Notice of Pre-AIA or AIA Status
The present application, filed on or after March 16, 2013, is being examined under the first inventor to file provisions of the AIA .
DETAILED ACTION
A request for continued examination under 37 CFR 1.114, including the fee set forth in 37 CFR 1.17(e), was filed in this application after final rejection. Since this application is eligible for continued examination under 37 CFR 1.114, and the fee set forth in 37 CFR 1.17(e) has been timely paid, the finality of the previous Office action has been withdrawn pursuant to 37 CFR 1.114. Applicant's submission filed on 5/6/26 has been entered.
2. Applicants’ response filed 5/6/26 to Final Office Action mailed 11/6/25 is acknowledged.

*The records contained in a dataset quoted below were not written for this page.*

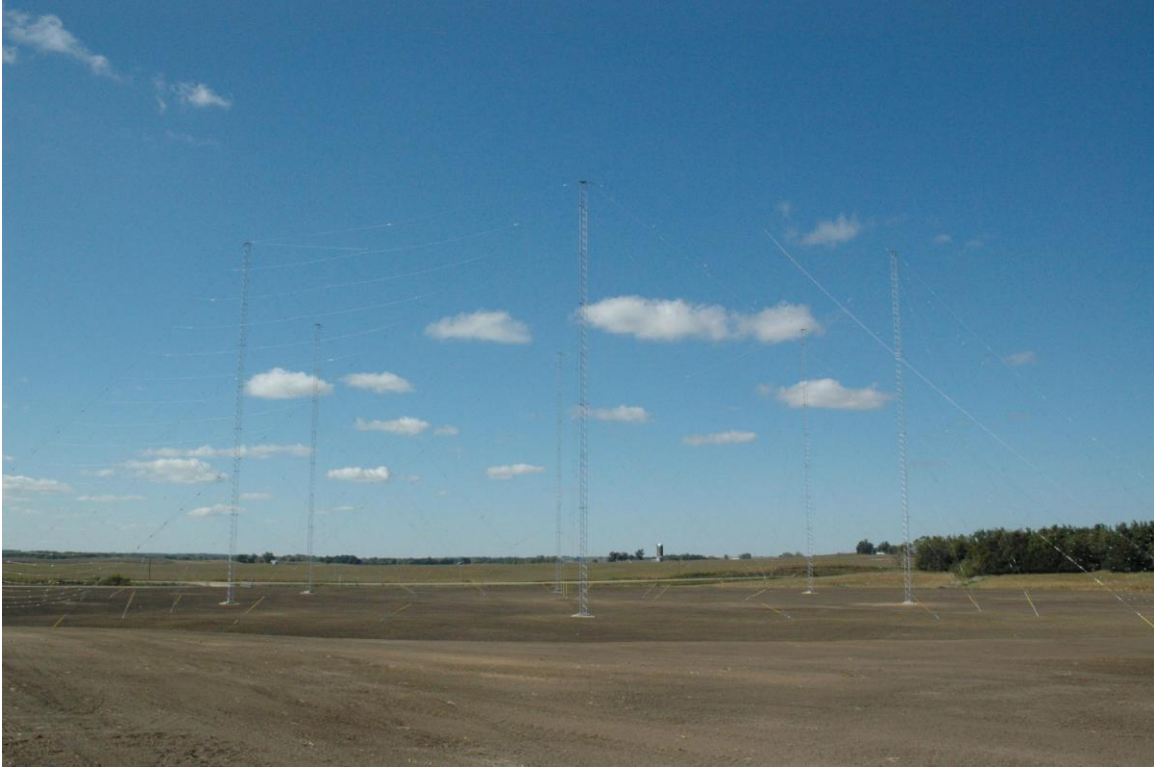
Oxford Junction, IA: RLP1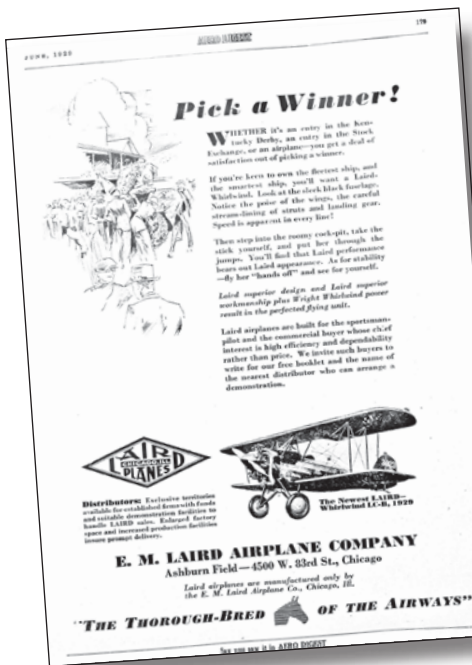
Aero Digest June 1929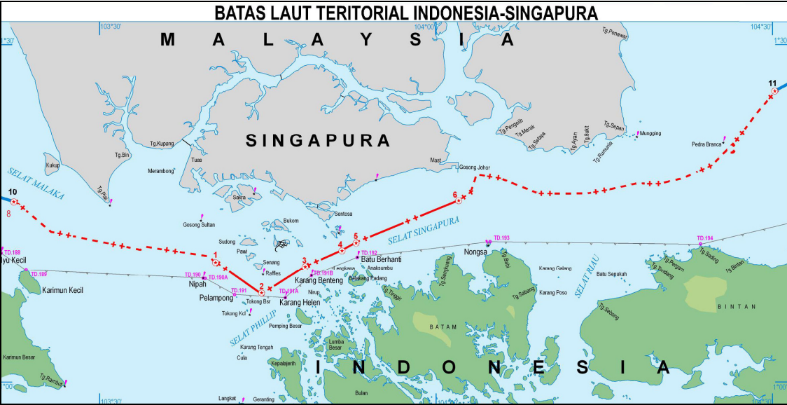
Figure 3 Tentative territorial sea boundary in the Singapore Strait according to Peta NKRI 2009

As in the case of MR, it might be reasonably acceptable to consider it as a rock that is still entitled to a territorial sea. In delimiting maritime boundaries between Malaysia and Indonesia to the south of MR, Indonesia might view that the small rock should not be given full effect, while it maintains the use of archipelagic baselines. Meanwhile, it does not matter which State will be awarded SL (either Malaysia or Singapore), it is a low tide elevation, to which Indonesia may prefer not to give full effect in maritime delimitation. This view is confirmed by tentative maritime boundary lines in the Singapore Strait depicted in Peta NKRI 2009. It seems that the boundary line has been constructed by giving PB, MR and SL only very limited weight. However, it is not easy to quantify accurately the effect/weight given to them, provided that the scale of Peta NKRI 2009 is too small for such analysis. The map does not even show where MR and SL are (see Figure 3).

3. Applicant’s prior election of Group I to host cell [claims 94, 96-108, 111, 114 & 115-117 (new)] in the reply filed on 3/12/25 is acknowledged. Species election of Insect demethylase protein/DNA of SEQ ID Nos. 152/151 is also acknowledged.
4. Claims withdrawn:
Claims 109-110 & 112-113 & 118-120 and all non-elected sequences are withdrawn from further consideration by the examiner, 37 CFR 1.142(b), as being drawn to a non-elected invention.
5. Applicant's amendment and arguments filed 5/6/26 have been fully considered but they are not deemed to be persuasive. The reasons are discussed following the rejection(s).

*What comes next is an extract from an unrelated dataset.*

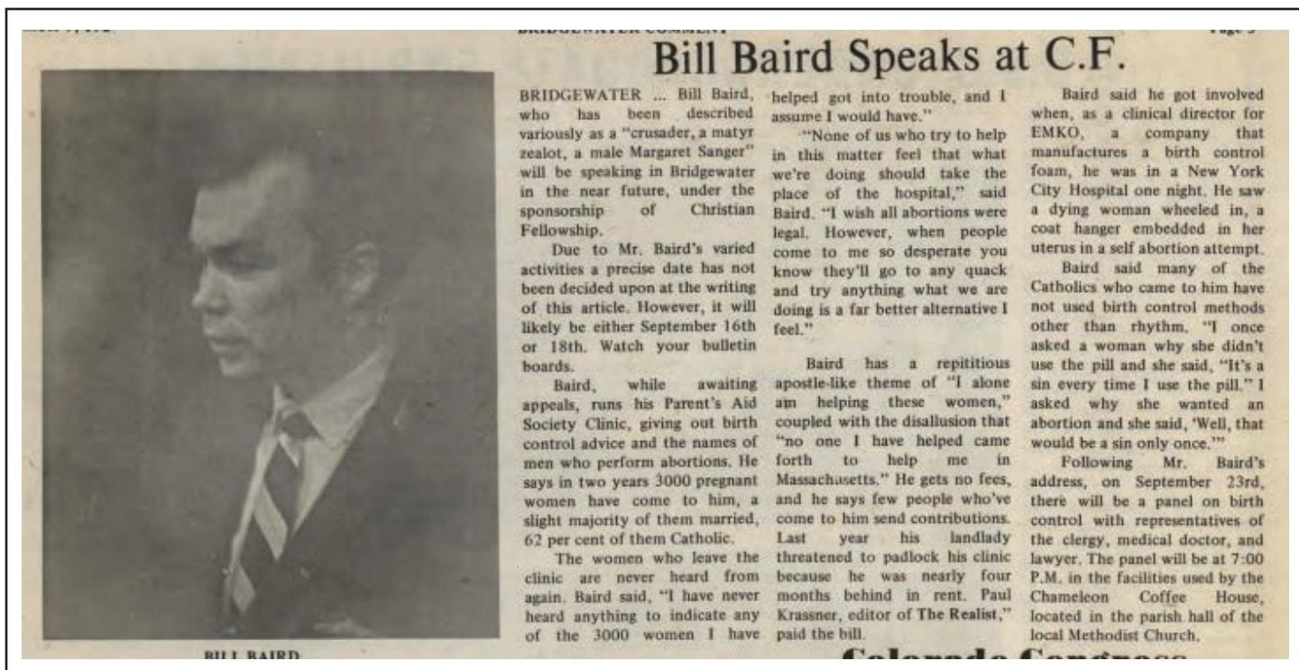
Fig. 4. The Comment , September 9, 1969.

arrested eight times during the 1960s for conducting lectures about birth control and abortion. One such arrest occurred following a lecture he conducted on April 6, 1967, at Boston University. In the state of Massachusetts at the time, it was prohibited to provide contraception to an unmarried person.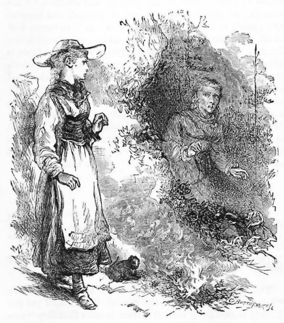
MAY NOT THAT LIGHT BETRAY?

It is nearly two hundred years since the long persecutions of the church in the Alpine valleys ended in their "Glorious Return" from exile, and their gain of liberty of conscience and freedom from the yoke of Rome. It is but right that in 1889 Protestant countries should unite in offering sympathy and brotherly help to the Waldensian Church in its time of commemoration. Two hundred years ago, Britain, Germany, Holland, Switzerland, and the Protestants of France vied with each other in showing their generous love for these sorely-tried children of God. And in these happier times it is well to turn back the history page to learn what it was that stirred the hearts of our torefathers; to learn what manner of woe it was that the Vaudois endured; to read how the God they served did not suffer them to be tempted beyond what they were able to bear, butgiving them the high honour of bearing witness to His truth, He comforted them at last with His gifts of freedom and of peace. It is in such memories that nations may learn their lessons of truest wisdom. Christianity should be national as well as individual: the Heavenly King demands service from nations as well as from hearts. And it is right that though the Waldenses are foreigners, and a people of but small account on Europe's muster-roll, their bi-centenary, soon to be celebrated, should waken echoes in England; such echoes as God wills that noble deeds should stir throughout all time.

6. Any objection or rejection of record which is not expressly repeated in this Office Action has been overcome by Applicant’s response and withdrawn
7. 35 U.S.C. § 112, first paragraph (Written Description)
Claims 94, 96-108, 111, 114 & 115-117 are rejected under 35 U.S.C. 112(a) or 35 U.S.C. 112 (pre-AIA ), first paragraph, as failing to comply with the written description requirement. The claim(s) contains subject matter which was not described in the specification in such a way as to reasonably convey to one skilled in the relevant art that the inventor or a joint inventor, or for pre-AIA the inventor(s), at the time the application was filed, had possession of the claimed invention.
Instant claims 94, 96-108, 111, 114 & 115-117 are directed to the following genus claims.
94. A genetically modified host cell comprising a pathway having enhanced production of one or more benzylisoquinoline alkaloids wherein the host cell expresses of one or more heterologous insect genes encoding one or more insect demethylases capable of converting thebaine into northebaine, thebaine into oripavine, thebaine into nororipavine and/or oripavine into nororipavine; wherein the host cell is a fungal cell, wherein the one or more insect demethylases comprises a polypeptide which is at least 80% identical to the insect demethylase comprised in SEQ ID NO: 152
96. The cell of claims 94, wherein the one or more insect demethylases comprises a polypeptide encoded by a polynucleotide which is 70% identical to the comprising SEQ ID NO: 251, or genomic DNA thereof.
Dependent claims 97-108, 111, 114 & 115-117 add further limitations but does not address the written description requirement.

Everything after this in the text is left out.